L’espace partagé est donc accessible aux personnes à mobilité réduite (46%
de la population, tous âges confondus) et offre un plus grand confort à
tous. Des plantations et du mobilier urbain invitent à la rencontre, à la
convivialité, aux festivités. L’éclairage est conçu de telle sorte qu’il
n’incite pas les véhicules à rouler vite.

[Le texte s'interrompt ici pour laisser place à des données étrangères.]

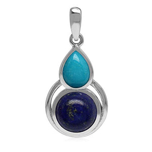 Add a touch of elegance and sophistication to your jewelry collection with this stunning pendant from Silvershake. Made with genuine Lapis Lazuli and Arizona American Turquoise stones, this pendant features a beautiful combination of blue hues that will complement any outfit.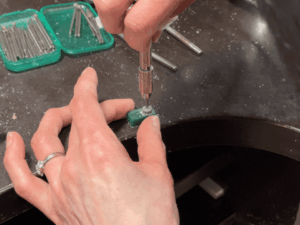 - 注意点:リューター任せにすると削りすぎてしまう危険な工程ですので、専用の工具で石合わせを行います。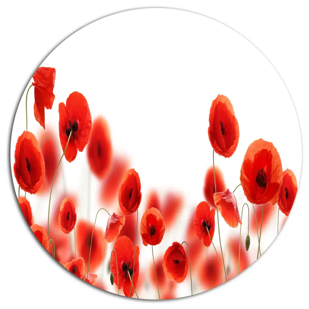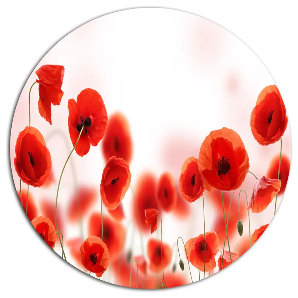 Bring Contemporary Abstraction to your home with this large Circle Metal wall art. This Soft Poppy Flowers Petals View Metal Artwork makes it the focal point of any room or office. - White Gloss Coating ensures colors are extra vibrant with light reflection.- Aluminum grade Sheet Metal with 1 inch mounting frame on the back giving the illusion that the artwork is floating on the wall..- Mounting Brackets are included along with instructions.- High Quality Digital images are created directly into a glossy aluminum panel producing a stunning and captivating print into the glossy finish of the metal.- Water, Fire and Scratch resistant HD Aluminum panels.- Looks better than any photo paper and guaranteed to last at least 20 years- Easy to clean with a microfiber cloth. Colors are far superior to regular Canvas Art. - Easy to Hang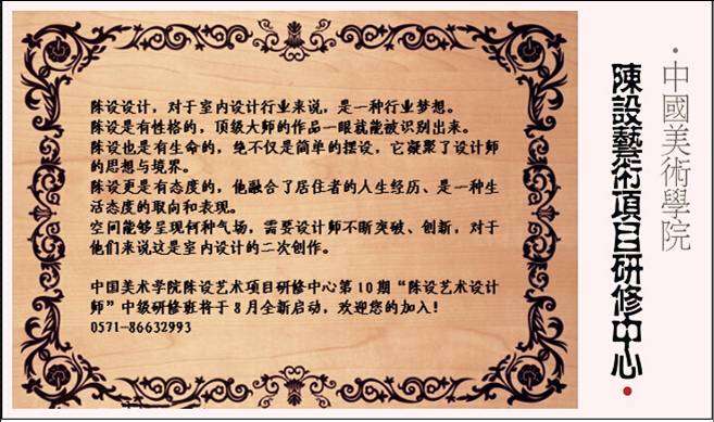 中国美术学院开设陈设艺术设计师培训项目,力求打造浙江乃至长三角地区的陈设艺术培训研修基地,并力争在全国范围内确立杭州的陈设艺术之都地位。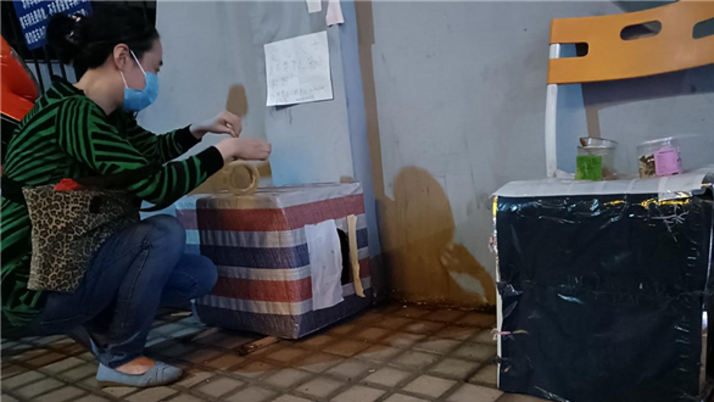 近日,在核酸檢測點流浪了幾個月的四只貓咪有了固定的貓屋和貓食堂,結束了風雨飄搖的日子。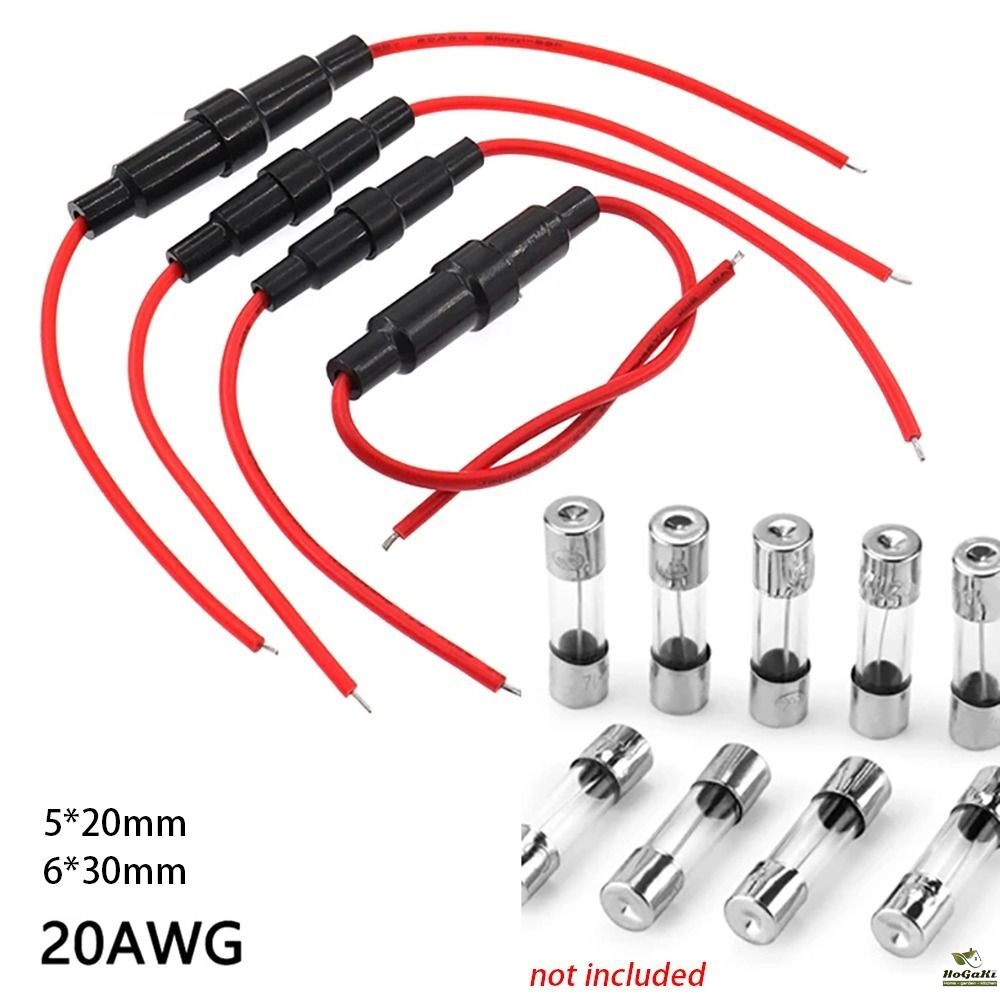 Brand new and high quality Type: For 5x20mm(0.20x0.79in) 6x30mm(0.24x1.18in) fuse holder Wire Size: 20AWG Copper Supported current: Below 5A Cable Length: 110mm(4.33in) + 110mm(4.33in) Tube Length:46mm(1.81in) Quantity: 1/10Pcs (Without Glass Fuse) Notice: 1. The real color of the item may be slightly different from the pictures shown on the website caused by many factors such as brightness of your monitor and light brightness. 2. Please allow slight manual measurement deviation for the data. Thank for your understanding. 3. 1cm=0.39''. Package Included: 1x/10x Fuse Holders (Without Glass Fuse)

Ces aménagements, déjà réalisés
dans certaines villes comme Malines, Strasbourg, Sion ou Freiburg, ont deux
effets positifs importants, outre la rencontre entre les générations et la
convivialité. D’une part, ils invitent à la lenteur et offrent plus de
plaisir à se déplacer à pied et à vélo qu’en voiture. D’autre part, les
accidents sont moins nombreux que dans des espaces compartimentés. En effet,
dans un espace ouvert, les usagers, privés de repères, accroissent leur
vigilance et adaptent leurs comportements. Le trafic est également plus
fluide et chacun négocie sa place en toute sécurité. A quand donc des
espaces partagés dans nos villes et villages pour améliorer le vivre
ensemble?
//JD
(1) Pierre Vanderstraeten a donné une conférence sur ce sujet lors de la
journée organisée par Enéo, mouvement social des aînés, le 26 avril 2012 sur
le thème des solidarités intergénérationnelles.